Task requirements >> The answer should hold only the lines from the one containing "SHOWER ESSENTIAL: The" through the one containing "The magnificent stag" in the entries below, copied exactly, without pictures.

Supplied material >>
========================================

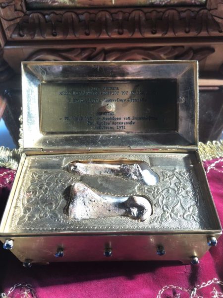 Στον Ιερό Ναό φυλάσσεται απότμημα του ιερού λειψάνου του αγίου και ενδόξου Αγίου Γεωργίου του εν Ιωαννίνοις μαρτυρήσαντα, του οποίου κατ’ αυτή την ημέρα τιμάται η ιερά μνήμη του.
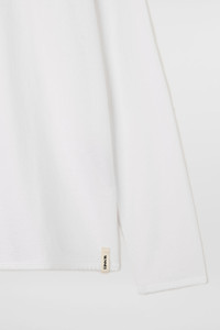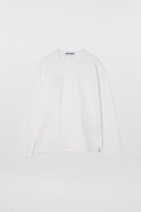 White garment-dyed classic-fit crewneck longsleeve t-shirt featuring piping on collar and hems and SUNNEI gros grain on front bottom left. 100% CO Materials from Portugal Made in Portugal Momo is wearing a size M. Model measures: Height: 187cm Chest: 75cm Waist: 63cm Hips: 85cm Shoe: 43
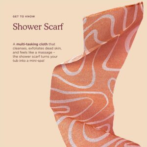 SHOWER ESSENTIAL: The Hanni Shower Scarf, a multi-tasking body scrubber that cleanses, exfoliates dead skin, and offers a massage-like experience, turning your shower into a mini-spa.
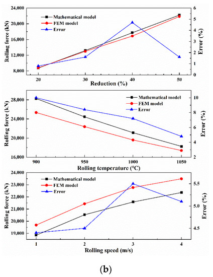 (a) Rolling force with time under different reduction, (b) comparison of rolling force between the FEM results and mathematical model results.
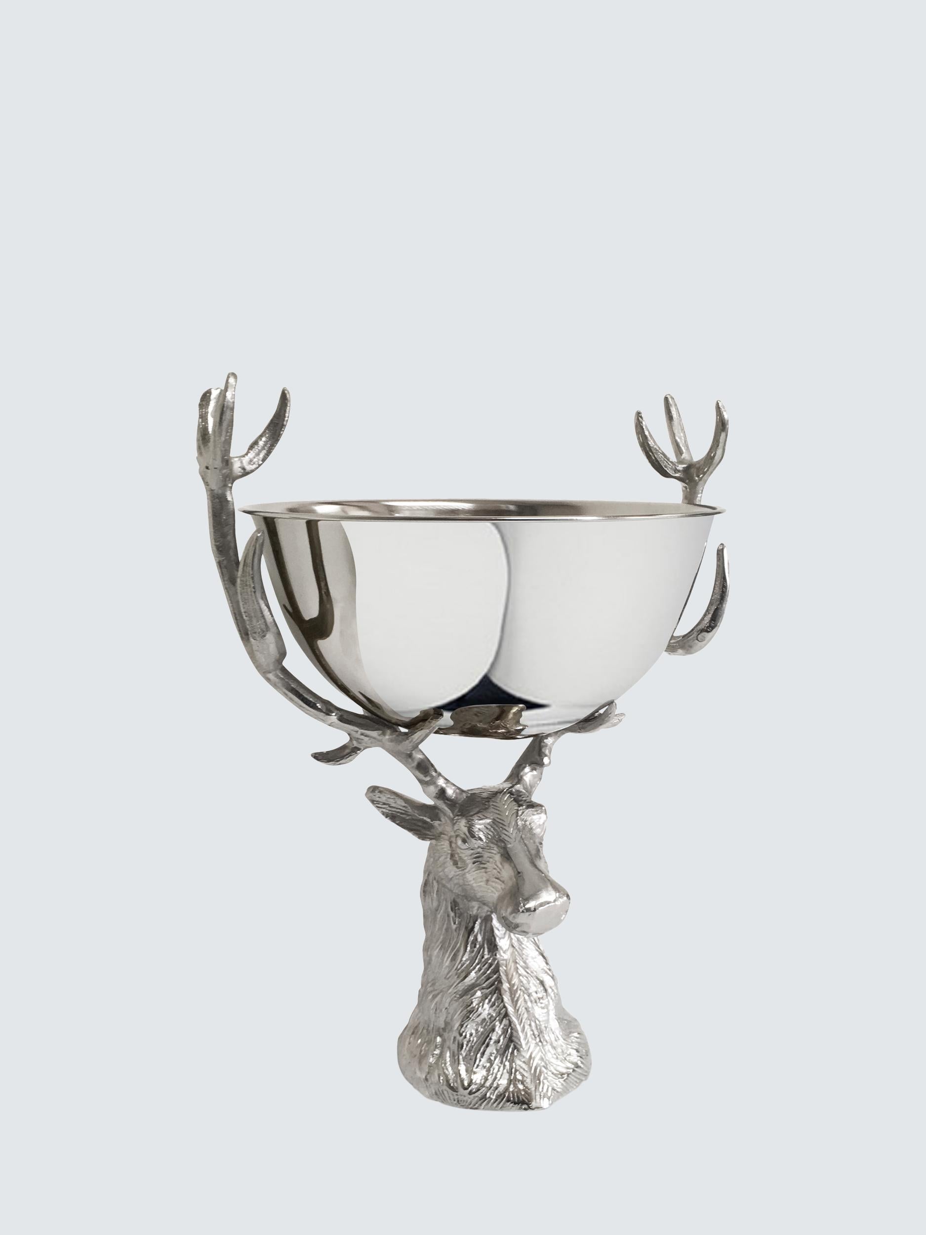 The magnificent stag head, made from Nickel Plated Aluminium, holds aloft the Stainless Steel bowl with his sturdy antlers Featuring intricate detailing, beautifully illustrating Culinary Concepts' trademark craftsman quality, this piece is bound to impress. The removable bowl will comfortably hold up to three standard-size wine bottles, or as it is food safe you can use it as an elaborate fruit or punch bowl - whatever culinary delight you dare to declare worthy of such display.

========================================

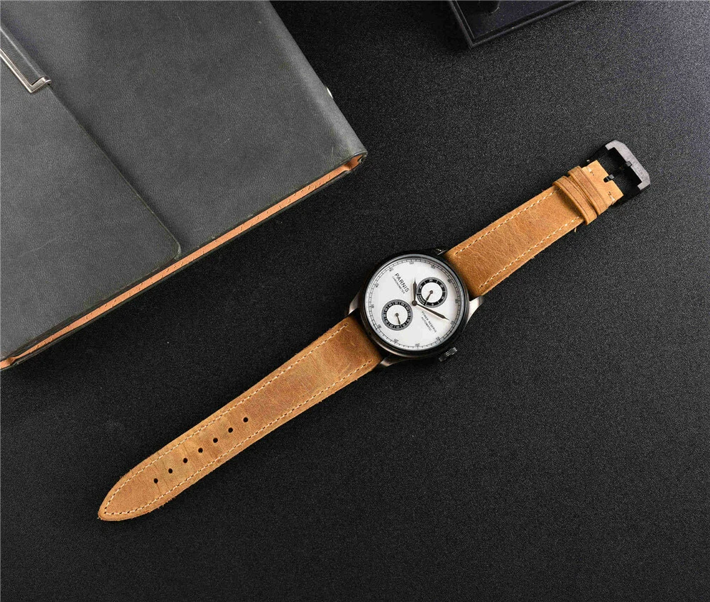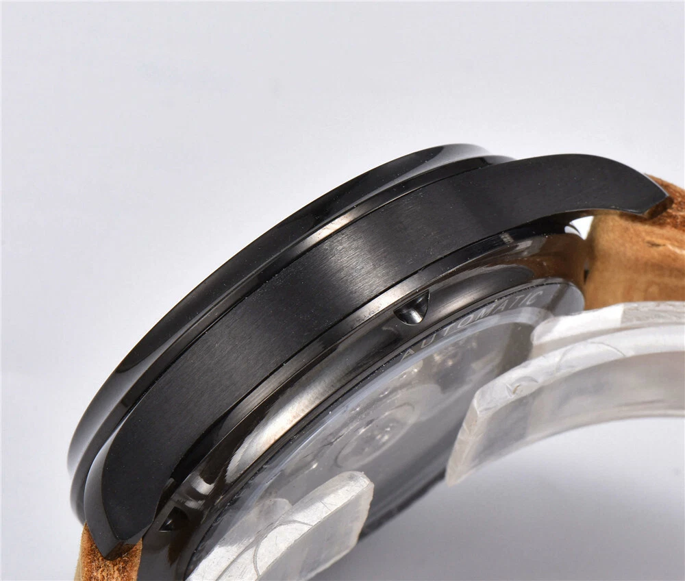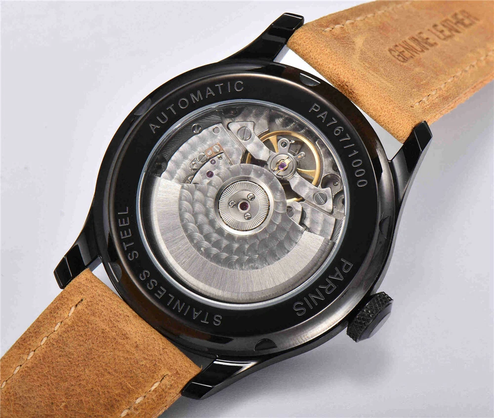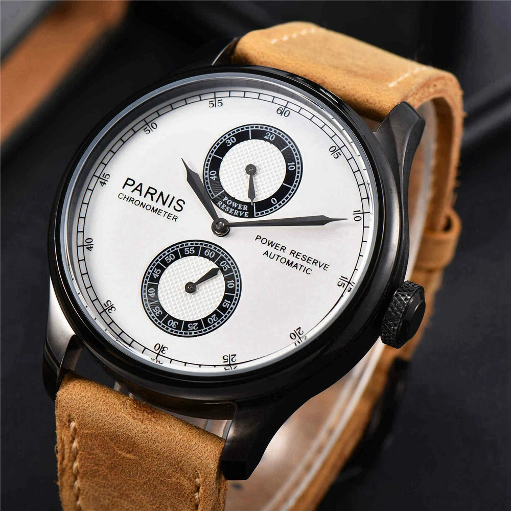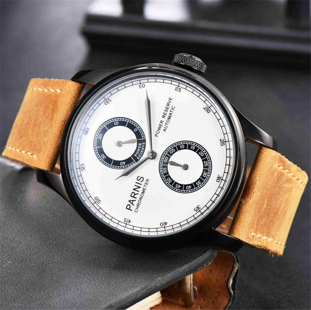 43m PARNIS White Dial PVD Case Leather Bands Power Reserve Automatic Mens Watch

========================================

Answer to this task >>
 SHOWER ESSENTIAL: The Hanni Shower Scarf, a multi-tasking body scrubber that cleanses, exfoliates dead skin, and offers a massage-like experience, turning your shower into a mini-spa.
 (a) Rolling force with time under different reduction, (b) comparison of rolling force between the FEM results and mathematical model results.
 The magnificent stag head, made from Nickel Plated Aluminium, holds aloft the Stainless Steel bowl with his sturdy antlers Featuring intricate detailing, beautifully illustrating Culinary Concepts' trademark craftsman quality, this piece is bound to impress. The removable bowl will comfortably hold up to three standard-size wine bottles, or as it is food safe you can use it as an elaborate fruit or punch bowl - whatever culinary delight you dare to declare worthy of such display.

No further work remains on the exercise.